Page MenuHomeFreeBSD

tcp: use declarative style to fill struct tcp_log_buffer
Needs ReviewPublic

Authored by glebius on Apr 8 2025, 5:59 AM.
Tags
None
Referenced Files
Unknown Object (File)
Tue, Jul 29, 7:25 AM
Unknown Object (File)
Thu, Jul 10, 8:26 AM
Unknown Object (File)
Sun, Jul 6, 5:11 PM
Unknown Object (File)
Sat, Jul 5, 1:09 AM
Unknown Object (File)
Jun 25 2025, 4:28 AM
Unknown Object (File)
Jun 22 2025, 1:36 AM
Unknown Object (File)
Jun 21 2025, 7:17 AM
Unknown Object (File)
Jun 20 2025, 2:48 PM
Subscribers

Details

Diff Detail

Repository
rG FreeBSD src repository
Lint
Lint Skipped
Unit
Tests Skipped
Build Status
Buildable 63383
Build 60267: arc lint + arc unit

Event Timeline

Here is suggested change I described on the recent call. I like the declarative style of filling in the info for reasons of code readability and maintenance. And I was sure that a compiler would be smart enough to optimize it. However, analyzing the assembly produced with -O2 I see that the tlb->tlb_opts are always zero-filled regardless if the following memcpy() is done or not. Also, the overall size of the function in assembly grows with this change, mostly because now compiler would allocate size of struct tcp_log_buffer on the stack, then populate it with useful data, and then copy this data from stack to the memory pointed by log_entry. The copy is done as a long queue of movs, without neither rep mov nor a call to memcpy(9). This seems to happen due to stack memory not exactly representing the structure.

I have no idea how this is going to be performing under benchmarks. Speculatively should be slower, as more instructions and memory copying is done. However, unlike the unmodified version, this assembly would never touch memory returned from uma_zalloc() if it fails for any case. This seems like a nice feature to avoid cache poisoning, but for a general function that can fail sometimes. This particular function can fail only with a panic(9).

So I am unsure if you like the change or not and should we go forward with it. My expectations of the compiler were different.
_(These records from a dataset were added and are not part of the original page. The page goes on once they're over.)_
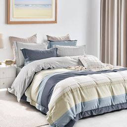 PARURE HOUSSE DE COUETTE 100 % COTON AVEC TAIE(S) A VOLANT LAYERAApportez un souffle frais et contemporain à votre chambre avec la parure de couette Ondalya. Son motif bayadère horizontal aux nuances bleu clair, bleu foncé, beige et blanc crée un effet graphique harmonieux et apaisant, parfait pour
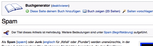 Anschließend zeigt sich über jedem Artikel der "Buchgenerator". Hier kann man den gerade aufgerufenen Artikel dem geplanten Buch hinzufügen, das Buch ansehen oder Seiten vorschlagen.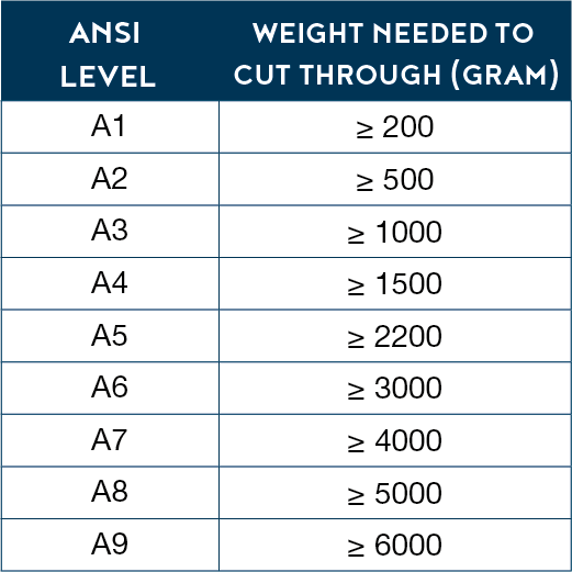 In the USA, the ANSI/ISEA 105 standard includes a test with a scale of 9 levels of cut resistance, A1-A9. The levels indicate how many grams are required to cut through a sample using a rectangular blade in the specified cut test machine.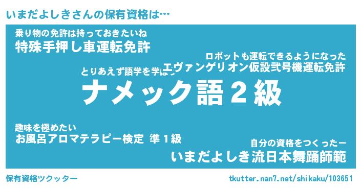 | 男性向けラノベタイトル風あだ名 | 『いまだよしきの憂鬱』 |
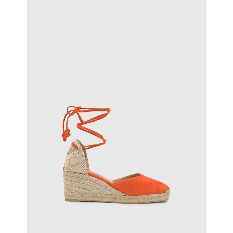 Bright move. In bold orange suede, Castaer's Carina wedges are made for sunny days, just tie at the ankle and add your favourite summer dress. By Castaer Wedge style Tie fastening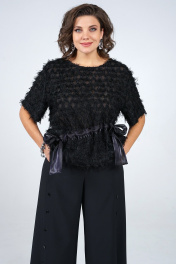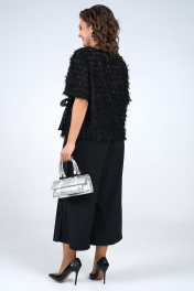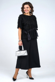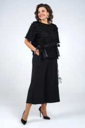 Комплект женский 2-х предметный состоит из блузы и кюлот. Блуза прямого, свободного силуэта, со спущенной линией плеча, с втачными одношовными, короткими рукавами. По переду степень прилегания фиксирует отделочная кулиса с завязкой. Кюлоты полуприлегающие силуэта верху и прямые книзу, на притачном поясе по спинке на резинке, с застёжкой типа «гульфик» на молнию и по поясу на две петли, пуговицы. Со смещёнными боковыми швами на перед, переходящие в шлицу фиксируемая пуговицами, в швах карманы. Задние части с талевыми выточками.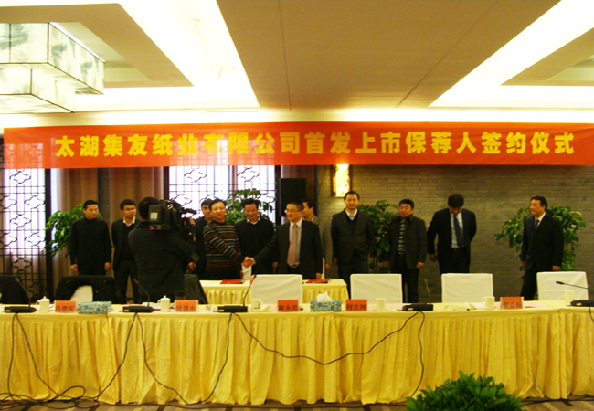 ?? 2012年12月9日,太湖集友紙業(yè)有限公司在皖府國(guó)際大酒店隆重舉行首發(fā)上市保薦人簽約儀式,為尋求企業(yè)更大的發(fā)展空間邁上了新征途。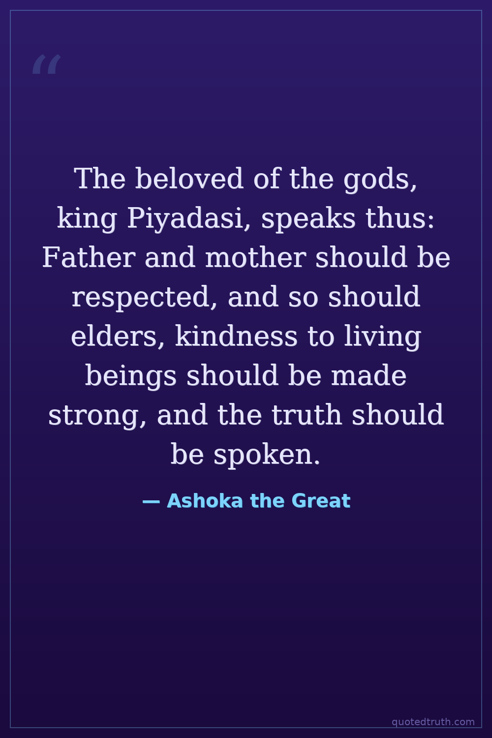 The beloved of the gods, king Piyadasi, speaks thus: Father and mother should be respected, and so should elders, kindness to living beings should be made strong, and the truth should be spoken.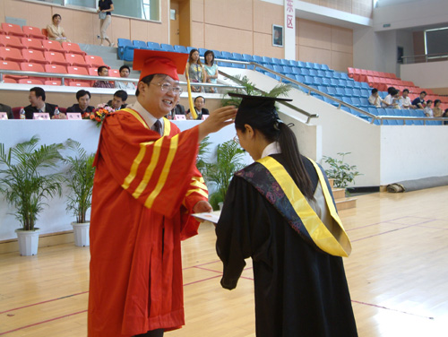 省优秀毕业生、2005届机械学院毕业生陈晋燕代表全体毕业生在毕业典礼上发言。她回顾了在校4年的美好生活,感谢培养他们4年的母校和师长,祝福母校明天更美好,祝福全体毕业生明天更美好。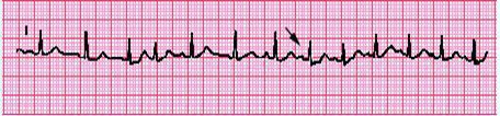 Hai phức bộ đầu tiên là nhắt bóp bình thường có sóng P bình thường tiếp sau là phức hợp QRS. Phức bộ thứ ba, nhắt bóp nhĩ sớm (APB), có khoảng PR kéo dài; nó khởi đầu nhịp nhanh vào lại nhĩ thất thường gặp hai điển hình trong đó dẫn truyền xuôi đến thất do đường chậm và hoạt hóa nhĩ ngược bằng đường nhanh. Mặc dù không có sự khác biệt của sóng P được nhận thấy, phức bộ QRS có sự lệch hướng nhỏ ở chỗ kết thúc, được biết như là sóng r’ giả (pseudo r’), trong đó sóng P chồng lên trên phần cuối cùng của phức bộ QRS.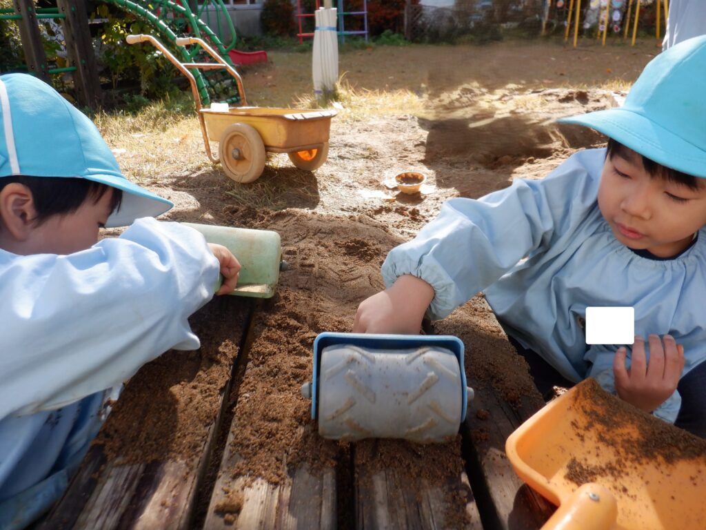 さくら組のお友達は,ベンチの上に土をのせて,土の感触を味わいながらローラーで土を平らに伸ばしています。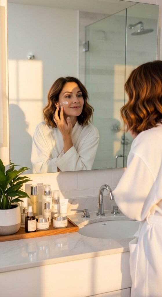 - Occasionally: Sheet masks, specialty treatments, backup products — these can live in a lower cabinet or a basket under the sink.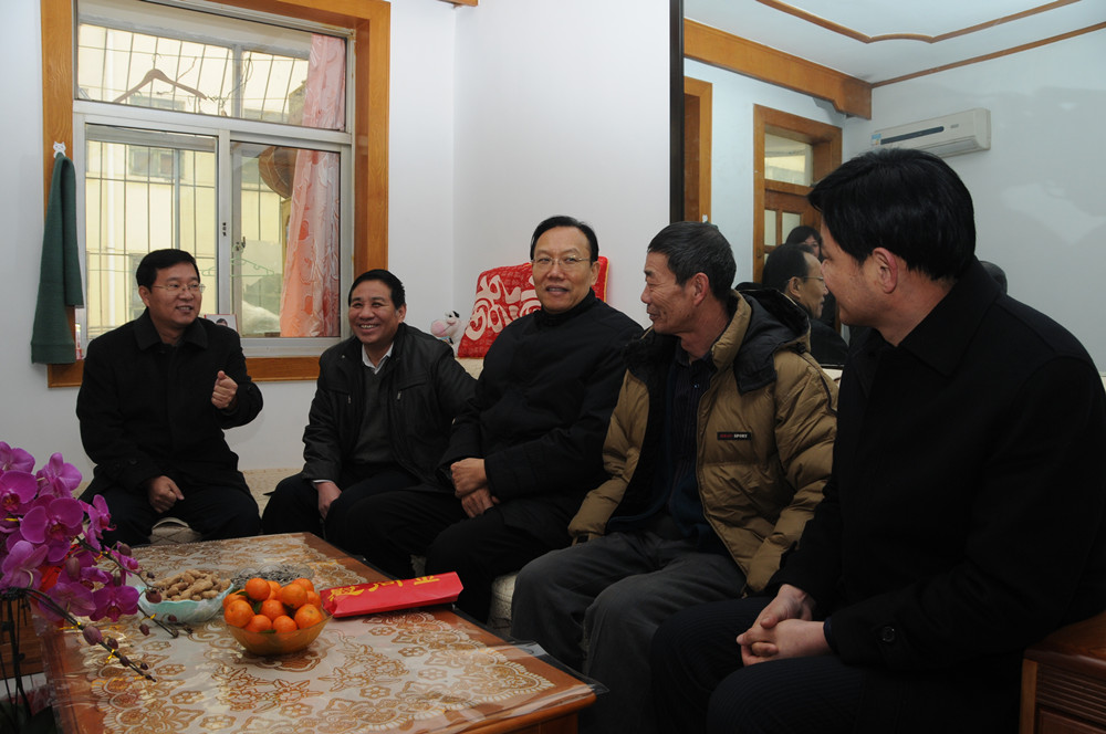 在刘洪章家里,欢声笑语。李守玉副主任亲切握着刘洪章的手询问身体、询问生活、询问家庭,代表市委市政府感谢刘洪章同志对国家、对企业所作的贡献,向他们一家表示新春的祝福。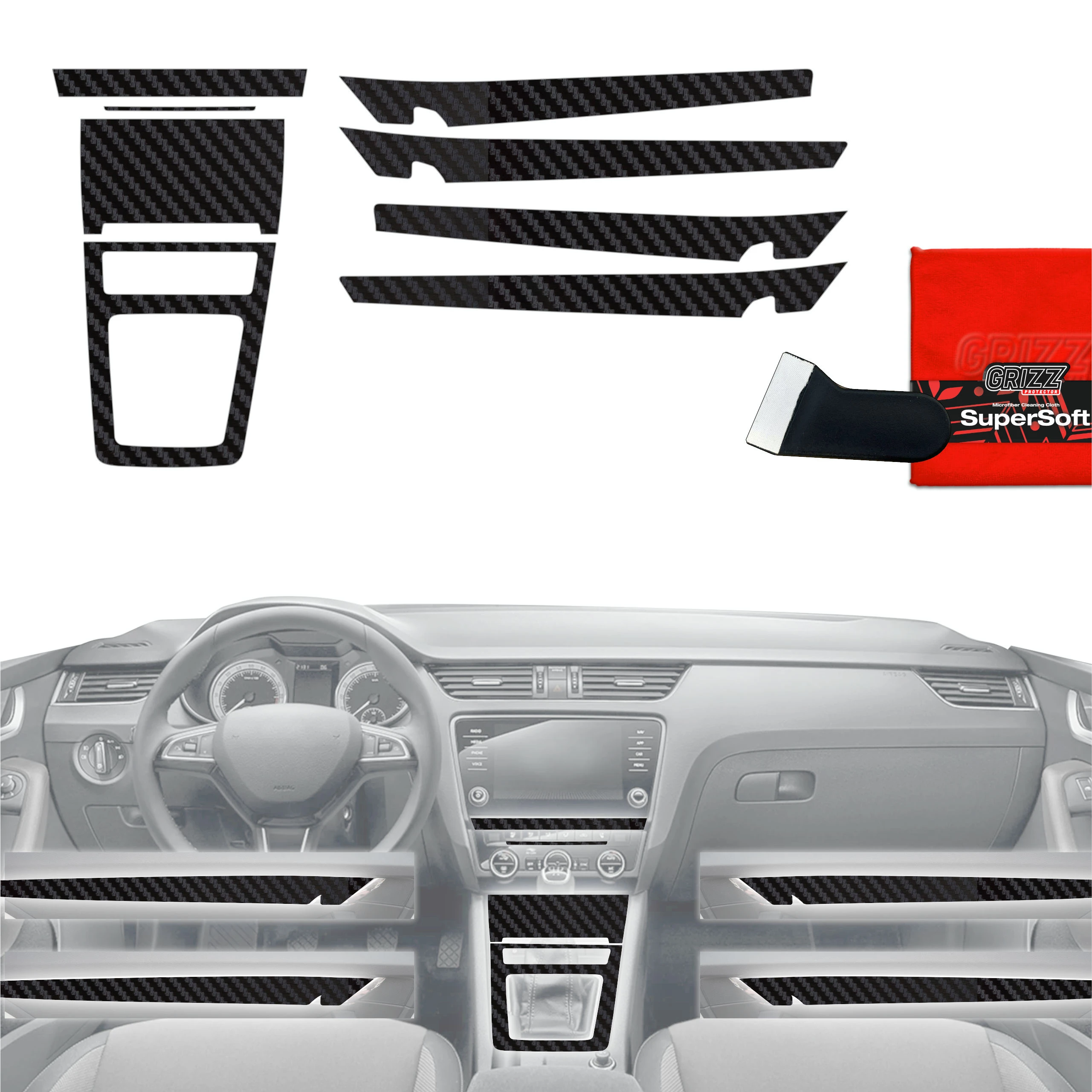 Folia do wnętrza Skoda Octavia III FL (2017-2020) GRIZZ 8w1 Karbonowa Antyodciskowa

To me this is marginally less readable in the changed form. Both are much better than the original but considering your comments about what the compiler actually does I suggest we leave it the way it is!

First of all I would like the thank you for providing running code for discussing this change. This allows at least me to have a discussion based on concrete code.

I agree with Randall, that I do not think this code is clearer or easier to read for humans. I was thinking about the reason why this is my impression.
Here are some points which came up:

  • this code replicates the code of tcp_fields_to_net().
  • I am used to handle flags like tlb_eventflags in away, where you or a flag in and do the corresponding action in consecutive lines of code, since these belong together logically. Looking at the code this patch proposes stets all the flags in one place and, when I want to double check the setting the flags corresponds to the correct action requires scrolling.
  • Conceptually, in my mind, initializing a variable is one step. The code for this one step is 63 lines long. For me, this code is harder to read than the one it is replacing.
  • This code uses the declarative style for all fields, except for tlb_opts. For me this inconsistency is irrelevant.

But this is just my view, only focussing on the source code. So I am happy to consider arguments which are in favor of accepting the code. Focussing on the generated machine code, I understand your statement, that the code is not better than the one generated for the code you propose to replace.

I do see one benefit of the suggested change: if we add additional fields to struct tcp_log_buffer, they will be automatically initialized to 0 by the suggested code. Then there would have been no reason for my earlier fix (initializing tlb_flex1 and tlb_flex2).

Given that code generated is questionable I won't insist on this change at all. However, I'd like to list the pros of such style of filling structures.

  • It is a single statement, so compiler is allowed to do any optimizations inside it, including any useful reordering of memory writes.
  • It is a single statement, so when new person reads the code, they can skip all 60 lines knowing that nothing except filling tlb happens here, no side effects.
  • Reduced maintenance overhead when adding/removing fields to the structure.

this code replicates the code of tcp_fields_to_net().

This can be avoided by providing a static inline that would return a struct tcp instead of a pointer. It could be tcp_fields_to_net() itself, since this is the only place that uses it. So will look like:

.tlb_th = th_hostorder ? hton_tcphdr(*th) : *th,

Thanks for providing your view. It helps to understand why you are proposing it.
It should be noted, that the old code does not initialize all fields, when they are not used. I guess this was done intentionally due to performance considerations. This does not work with the style suggested. But I don't know how relevant this actually is.